▸ **Exercise goal**
In the copy, every line of the material that follows must appear exactly, and no pictures should.

▸ **Data excerpt**
*** Block opens ***
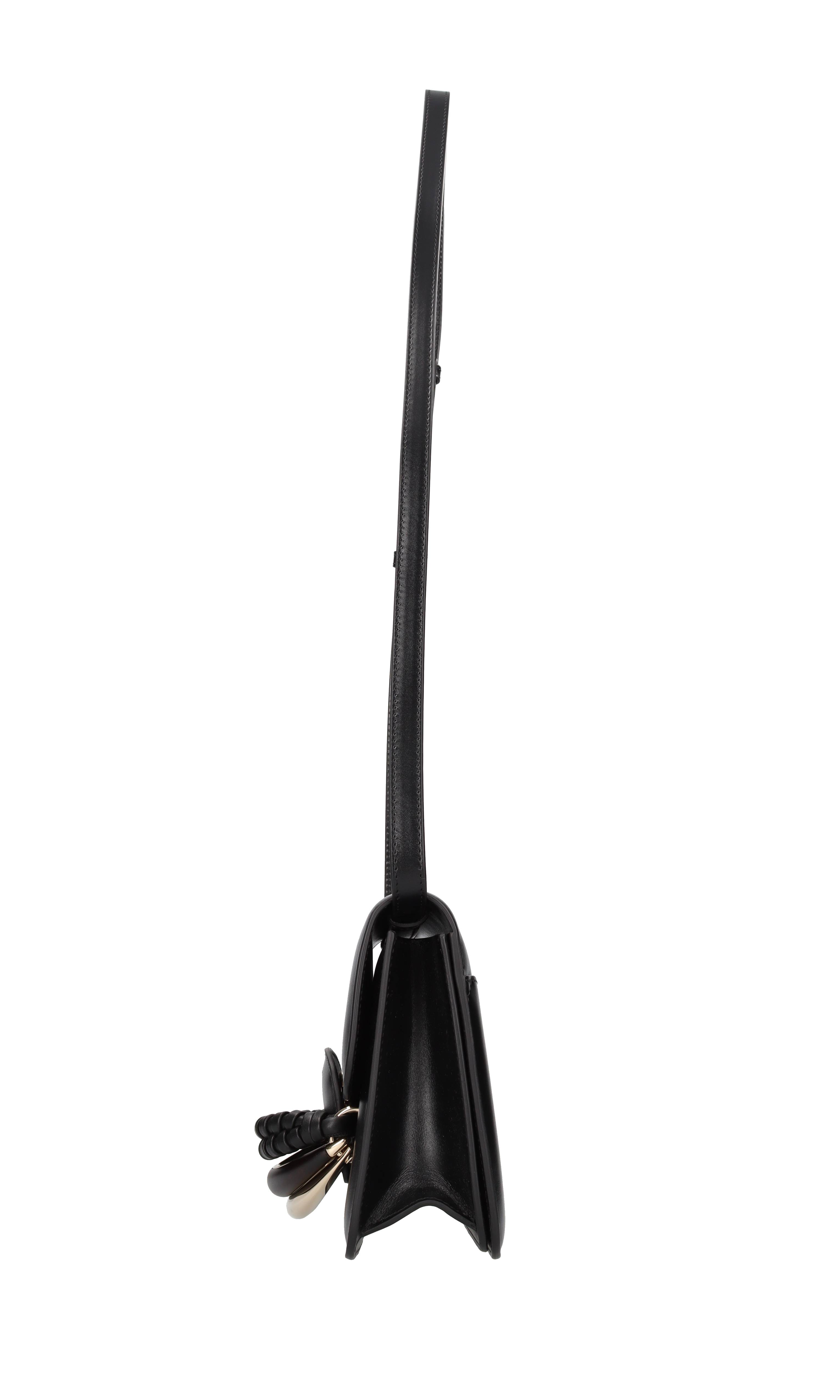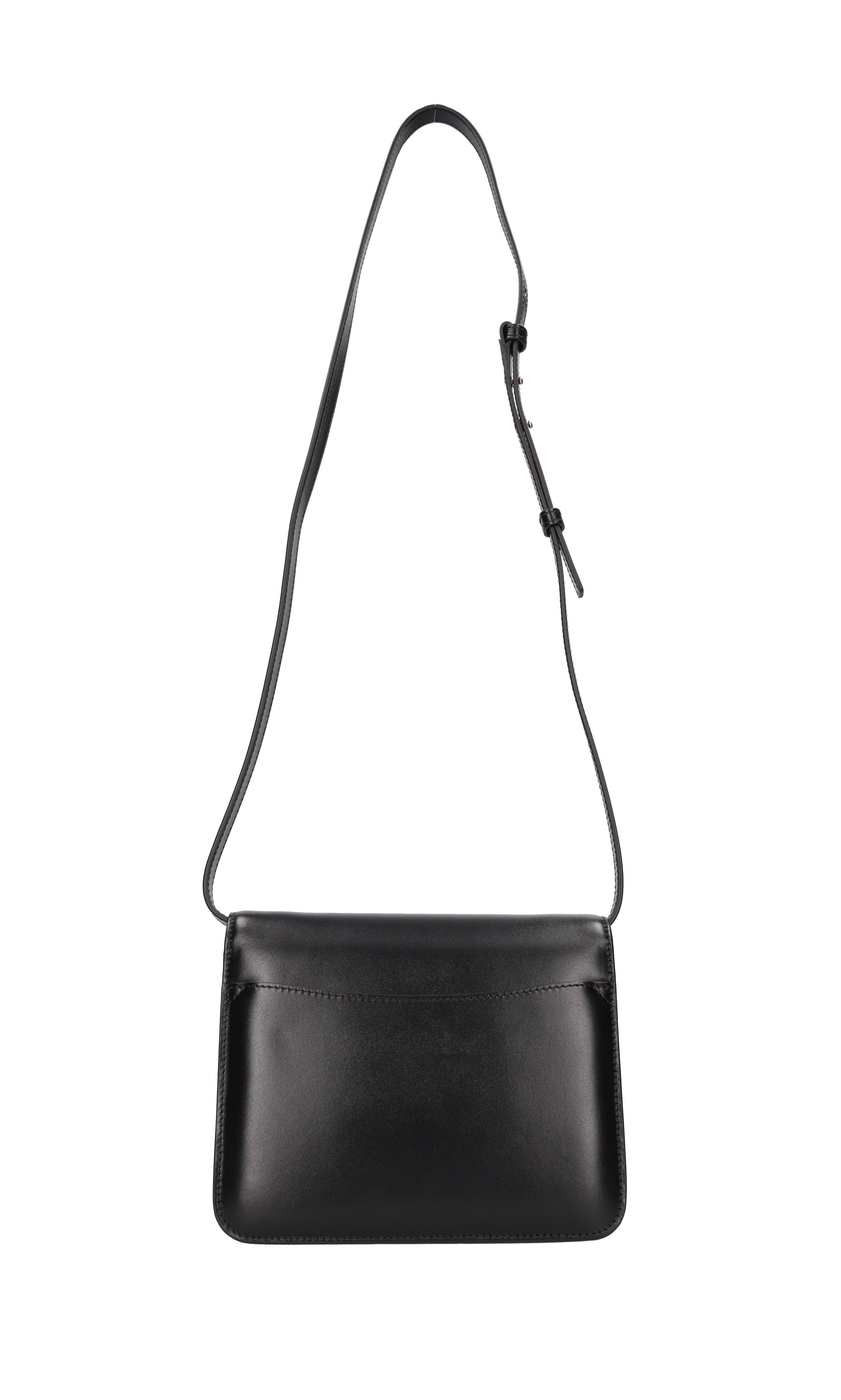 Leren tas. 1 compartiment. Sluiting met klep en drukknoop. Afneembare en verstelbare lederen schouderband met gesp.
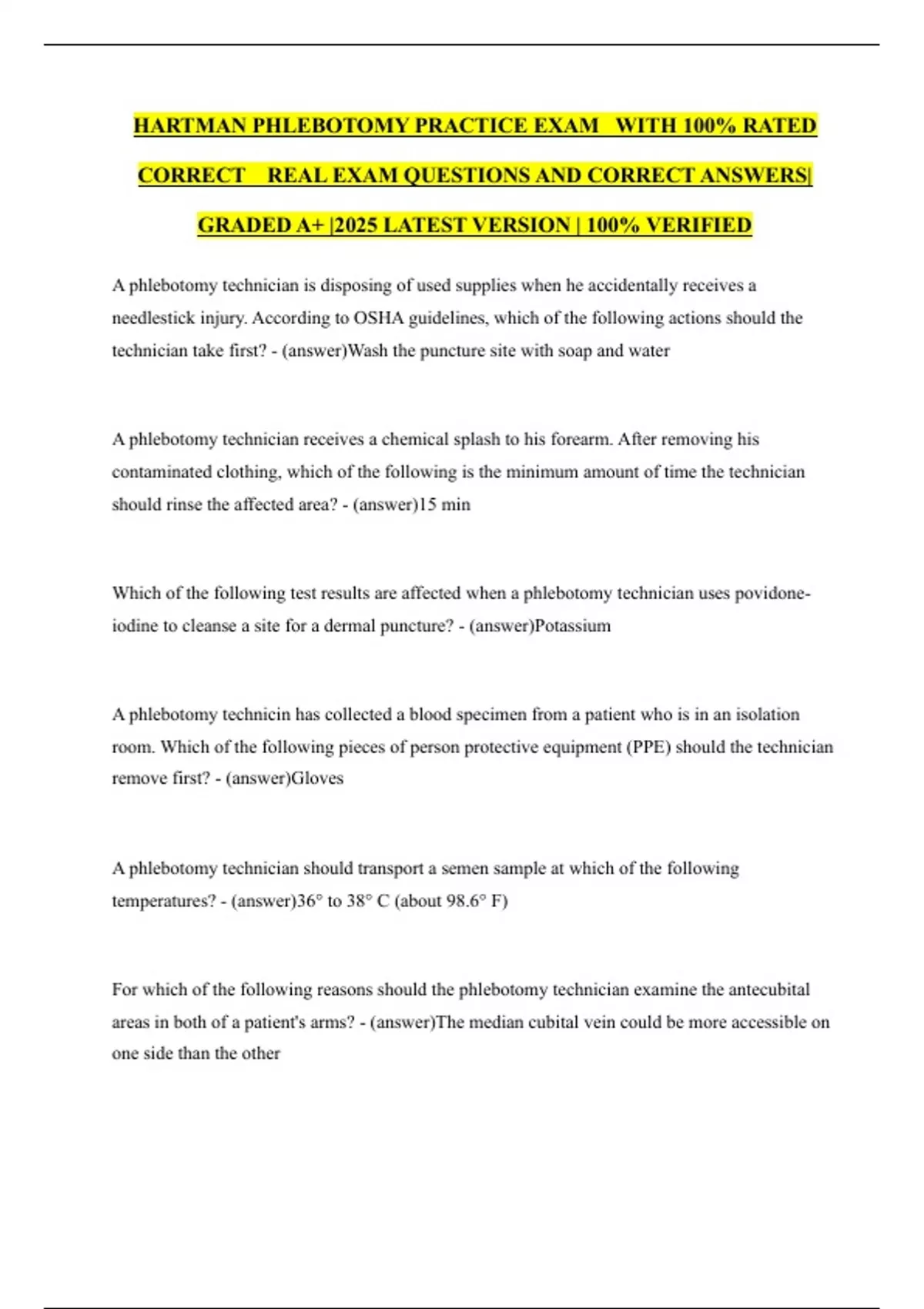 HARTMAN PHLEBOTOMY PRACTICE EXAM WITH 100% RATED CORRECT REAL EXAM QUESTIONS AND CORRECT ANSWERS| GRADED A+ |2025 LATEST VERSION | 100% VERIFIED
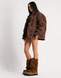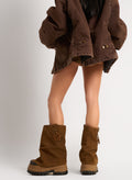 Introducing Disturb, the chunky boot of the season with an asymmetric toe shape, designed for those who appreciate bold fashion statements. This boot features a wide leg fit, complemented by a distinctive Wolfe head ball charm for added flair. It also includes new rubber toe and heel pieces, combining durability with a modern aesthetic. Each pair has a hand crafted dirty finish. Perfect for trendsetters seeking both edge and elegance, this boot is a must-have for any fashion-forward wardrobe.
*** Block closes ***
▸ **Reply**
 Leren tas. 1 compartiment. Sluiting met klep en drukknoop. Afneembare en verstelbare lederen schouderband met gesp.
 HARTMAN PHLEBOTOMY PRACTICE EXAM WITH 100% RATED CORRECT REAL EXAM QUESTIONS AND CORRECT ANSWERS| GRADED A+ |2025 LATEST VERSION | 100% VERIFIED
 Introducing Disturb, the chunky boot of the season with an asymmetric toe shape, designed for those who appreciate bold fashion statements. This boot features a wide leg fit, complemented by a distinctive Wolfe head ball charm for added flair. It also includes new rubber toe and heel pieces, combining durability with a modern aesthetic. Each pair has a hand crafted dirty finish. Perfect for trendsetters seeking both edge and elegance, this boot is a must-have for any fashion-forward wardrobe.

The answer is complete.